11: At this line, the file opened without issue in xarray, so append this file name to the id_ list in the successful_files dictionary.
12: Use max to save the largest values in our dictionaries accordingly.
13: Update the dictionaries of sets with the file’s attributes, to ensure we catch all unique values.
14: If the file did not open during the try continue to the next file.
15: Sort the lists of successfully opened files by name, so they are in chronological order.

The following shows the information gathered:

dataset: BSC18CA12-01
Number of successful files: 1010
Max cell sizes: max_ncols = 1081 and max_nrows = 381
Max xorig & xcell: {'xorig': -160.0, 'xcell': 0.10000000149011612}
Max yorig & ycell: {'yorig': 32.0, 'ycell': 0.10000000149011612}
ncols: {1081, 1041}
nrows: {381}
xorigs: {-160.0, -156.0}
yorigs: {32.0}
xcells: {0.10000000149011612}
ycells: {0.10000000149011612}

dataset: BSC00CA12-01
Number of successful files: 1067
Max cell sizes: max_ncols = 1081 and max_nrows = 381
Max xorig & xcell: {'xorig': -160.0, 'xcell': 0.10000000149011612}
Max yorig & ycell: {'yorig': 32.0, 'ycell': 0.10000000149011612}
ncols: {1081, 1041}
nrows: {381}
xorigs: {-160.0, -156.0}
yorigs: {32.0}
xcells: {0.10000000149011612}
ycells: {0.10000000149011612}

dataset: BSC06CA12-01
Number of successful files: 997
Max cell sizes: max_ncols = 1081 and max_nrows = 381
Max xorig & xcell: {'xorig': -160.0, 'xcell': 0.10000000149011612}
Max yorig & ycell: {'yorig': 32.0, 'ycell': 0.10000000149011612}
ncols: {1081, 1041}
nrows: {381}
xorigs: {-160.0, -156.0}
yorigs: {32.0}
xcells: {0.10000000149011612}
ycells: {0.10000000149011612}

dataset: BSC12CA12-01
Number of successful files: 1003
Max cell sizes: max_ncols = 1081 and max_nrows = 381
Max xorig & xcell: {'xorig': -160.0, 'xcell': 0.10000000149011612}
Max yorig & ycell: {'yorig': 32.0, 'ycell': 0.10000000149011612}
ncols: {1081, 1041}
nrows: {381}
xorigs: {-160.0, -156.0}
yorigs: {32.0}
xcells: {0.10000000149011612}
ycells: {0.10000000149011612}

6.4.1 Rationale and Future Improvements

6.4.1.1 Unloadable Files

On our first attempt to convert the data we discovered that various files failed to open. Therefore, we used a dictionary to keep track of which files successfully open.

6.4.1.2 Varying Grid Size

In this step we collect attribute information about the two different grids used in the dataset. We proceed to use these attributes to resample the grids accordingly, see Section 6.5.

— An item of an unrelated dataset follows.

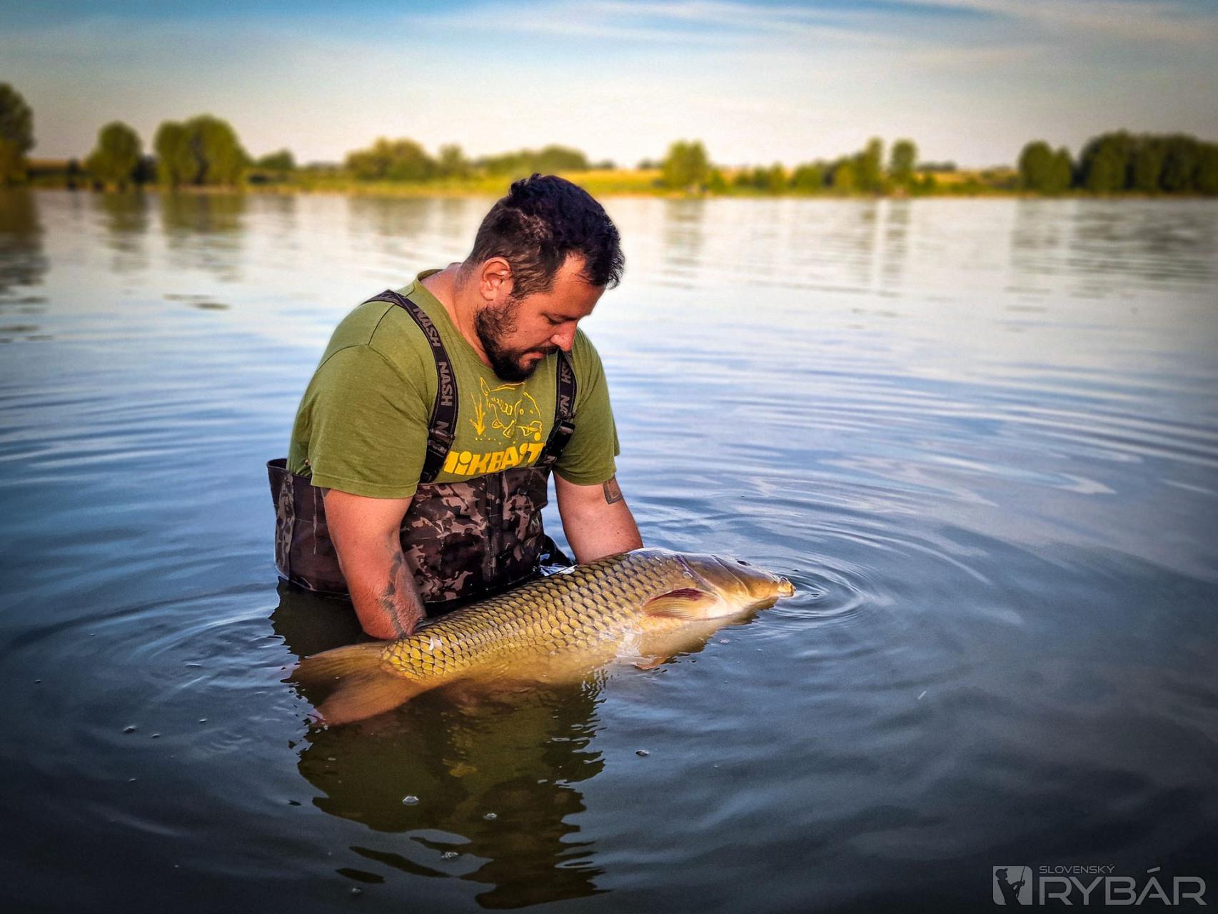 Vzal som prút do svojich rúk, zdvihol k oblohe a vtom prásk, obrovský blesk! Prút som skoro zahodil od ľaknutia, ale radšej som si čupol k zemi, špičku prúta sklonil k hladine, a tak som kapra pumpoval k brehu. V hlave ma viedla myšlienka, že nech je čím skôr ryba vonku na brehu a ja naspäť v bivaku. Keď som rybu pritiahol k brehu a uvidel vo svetle čelovky, tak sa mi roztriasli kolená a hovoril som si, že to nie je možné... Bol to obrovský kapor, ktorého sa mi podarilo podobrať rýchlo a dať do prechovávačky a čakať, než skončí búrka. Tá trvala pomaly celú noc, a tak sme rybu odvážili až ráno chvíľku pred odjazdom. Váha ukázala úctyhodných 23,70 kg, čo bolo niečo úžasné! Obaja sme sa neskutočne tešili, rybu rýchlo pofotili a šetrne vrátili do jej domova, do priehrady. Zbalili sme bivak a prúty, následne nasadli do auta a vyštartovali domov.

6.4.1.3 Optimization and Scaling

One improvement to this step is to stop tracking maxes and unique values seperately. Instead, we could just track unique values then get maxes from there. Furthermore, modularizing this process such that it handles the possibility of new grids being used in the dataset would make the conversion script more scalable.

6.5 Preparing Resampling Grids

Now that we have the sets of openable files, we begin to handle the need to resample data. To resample arrays of shape 381×1041 to 381×1081, we use the SciPy griddata function from the interpolate package. This function gives interpolated values on set of points xi from a set of points with corresponding values. We refer the reader to SciPy’s documentation for details.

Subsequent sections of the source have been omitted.